И стал Егор работать у немцев. Первого его больного звали Куртом. Был он почти ровесник Егору и служил в какой-то младшей должности при штабе. На фашиста и не походил вовсе этот Курт – такой добродушный был парень. Егора он во всём слушался и даже научил немного по-немецки говорить, пока тот его выхаживал.
– Мы за тобой давно охотились, – рассказывал Курт. – Узнали, что у русских есть необыкновенный доктор, вот Блюмер и приказал добыть тебя любой ценой, потому что сам в таком враче нуждается. Если я у тебя поправлюсь, Блюмер заставит себя лечить, так и знай. Мы сначала хотели ваш медсанбат отбить, но ты нас опередил…

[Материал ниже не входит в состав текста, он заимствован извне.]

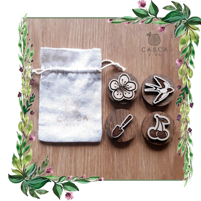 Pack de 4 carimbos de madeira alusivos à Primavera.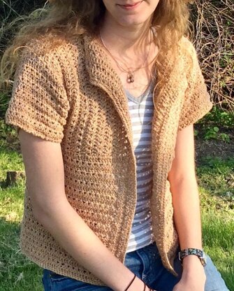 The cardigan can be made using any weight yarn to any size - I suggest DK yarn, which is what I used. You do not have to match my gauge!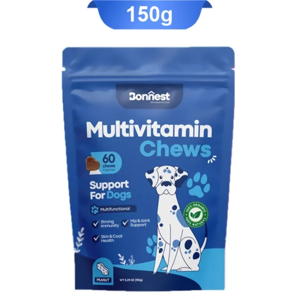 مکمل جویدنی سگ بونست مدل مولتی ویتامین طعم بادام زمینی وزن 150 گرم Bonnest Multivitamin Chews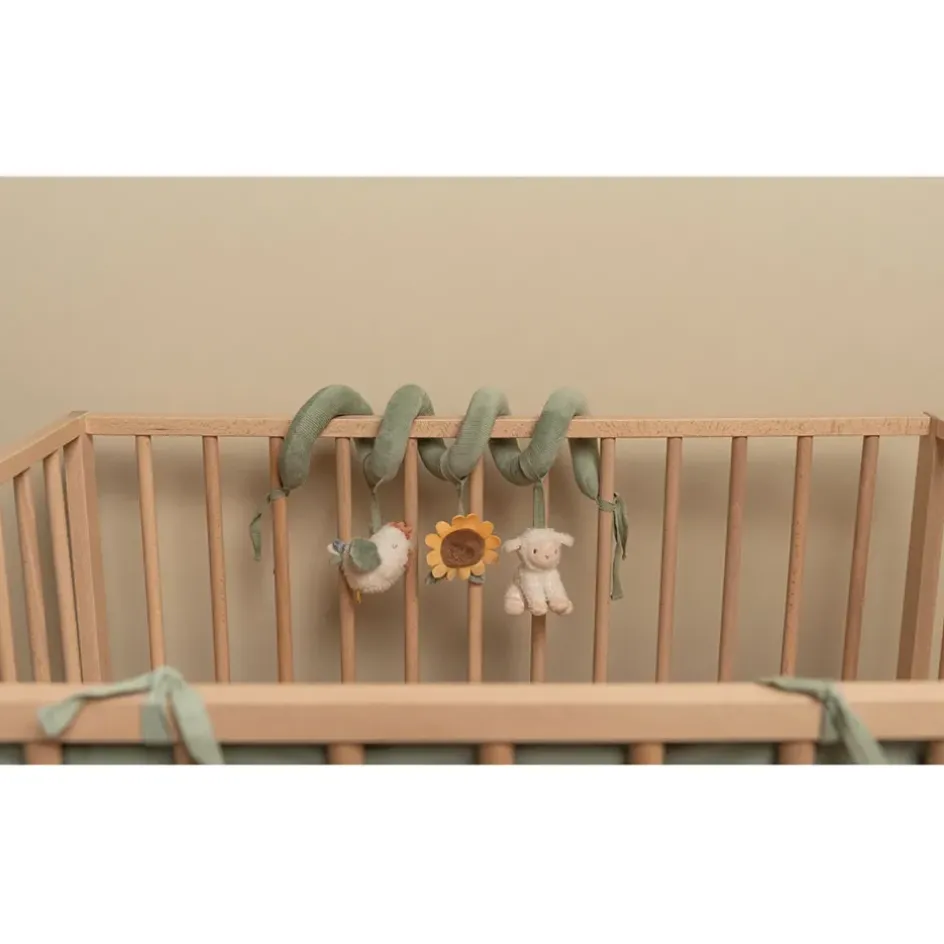 La spirale d’activités est en velours côtelé avec du coton et comporte un petit mouton, un poulet joyeux et une belle tournesol.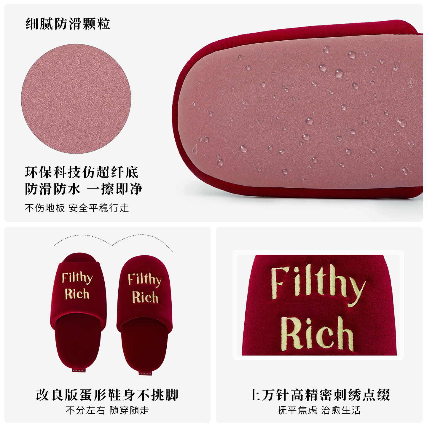 EUXTERPA欧特帕红丝绒甜品拖鞋 静音地板家居秋冬结婚情侣礼物新婚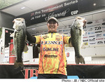 JB TOP 50は第3戦“東レソラロームCUP”がキックオフを迎えた。トーナメントウォーターは奈良県七色ダム。温帯低気圧に変化した台風7号の影響で全国的に雨となっているが、七色ダムも例外ではなく朝から雨に見舞われた。ただし魚の活性は高かったようで、参加48名中リミットメイクを達成したのは38名だった。この状況の中、7725gというビッグウエイトをウエイインしたのは有里拓。2位の青木大介に2350gの大差をつけて初日をリードしている。以下、上位陣は3位加藤誠司、4位野村俊介、5位三原直之となっている。トーナメントの詳細および成績は、JBの公式サイト“NBC NEWS”にて。
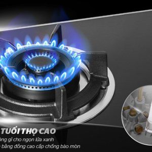 Đầu đốt được thiết kế với nhiều khe nhỏ, bát chia lửa lớn giúp ngọn lửa tỏa đều (3 vòng lửa), nấu ăn nhanh, được trang bị cả đầu hâm nên rất tiết kiệm gas. Được làm từ đồng thau chống bào mòn sử dụng lâu dài, đầu đốt sẽ không bị biến dạng dù cho việc sử dụng dưới nhiệt độ cao trong một khoảng thời gian dài khi ninh, hầm,… Họng bếp bằng thép không gỉ, không sinh ra muội đen, cho ngọn lửa xanh không đen đáy nồi, tiết kiệm nhiên liệu và an toàn khi sử dụng.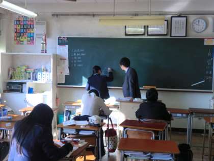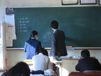 黒板で解説を受けています。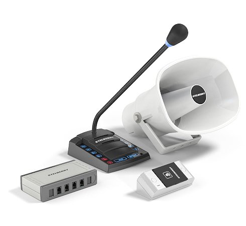 Комплект 4+1-канального переговорного устройства клиент-кассир для АЗС с системой громкого оповещения, функцией "симплекс", функцией "вызов", встроенным усилителем, рупором на 15 Ватт и выходом для записи переговоров. Рупор идёт в комплекте с 15 метрами кабеля. Панель клиента, угловое крепление панели и блоки питания в комплекте.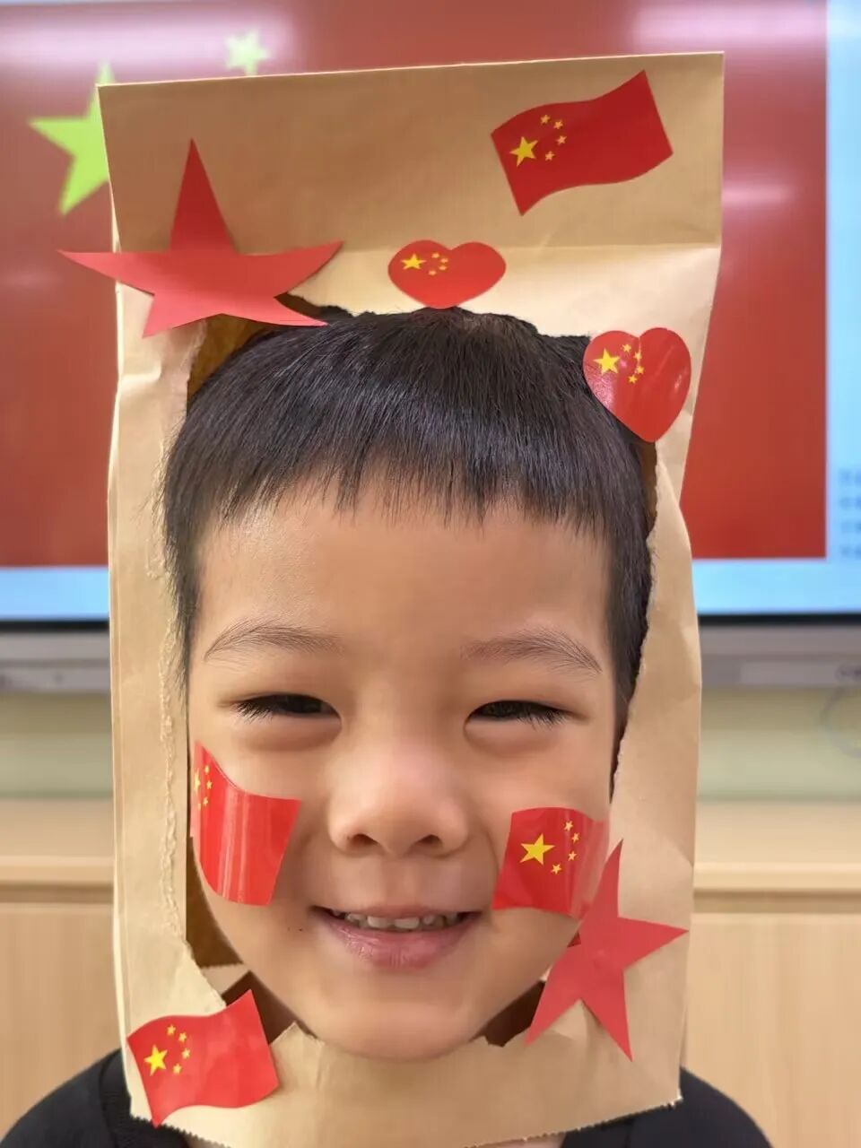 在小三班,平凡的纸袋被巧手变成荣耀的“勋章”,孩子们戴上这份独特的骄傲,相机定格下他们萌化人心的爱国情怀。

Егор его слова разбирал и думал: а ладно ли я сделал, что остался? Может, лучше было мне пулю свою получить? Но жалость к Курту удерживала Егора. Подумал он, как нежданно нашёл себе товарища среди немцев, и решил: ладно, этого подниму, но больше из них ни один не дождётся. «А разве правильно это – людей на дурных и хороших разделять, когда сам Бог всех одинаково любит?» – тут же громко и требовательно спросило сердце Егора. Просветлело у молодого знахаря на душе, как будто серый туман рассеялся, и не стало для него ни плена, ни врагов, ни одиночества.
Дальше оказалось всё так, как ему Курт обещал: едва тот поправился – повели Егора к Блюмеру.
– Ты и в самом деле умеешь лечить, – сказал Блюмер. – Но теперь перед тобой особенная задача, теперь я тебе доверяю свое здоровье. Если ты мне поможешь, награжу как положено. Если нет – расстреляю.
– Вот уж никогда не слыхал, чтобы так помощи просили, – только и ответил Егор.
А с Блюмером было вот что. Месяца три тому довелось ему убить одного крестьянина, старика, который будто бы с нашими партизанами связь имел. Как его ни пытали, как ни ломали – всё молчал старик. Блюмер понял, что толку не будет, взял пистолет и собственноручно с досады старика пристрелил. Тело его солдаты выбросили, а деревенские в тот же день схоронили. Но ночью явился к Блюмеру убитый старик и, подошедши к самой постели, стал показывать свои раны и громко стонать. От ужаса Блюмер лишился языка и мало не окочурился. Но вот старик замолчал, посмотрел на него с несказанной мукой и пропал. Тогда уже Блюмер заорал во всю глотку. Вбежали часовые, однако они и знать не знали ни о каком старике – никто в избу не входил, и стонов ничьих они тоже не слыхали.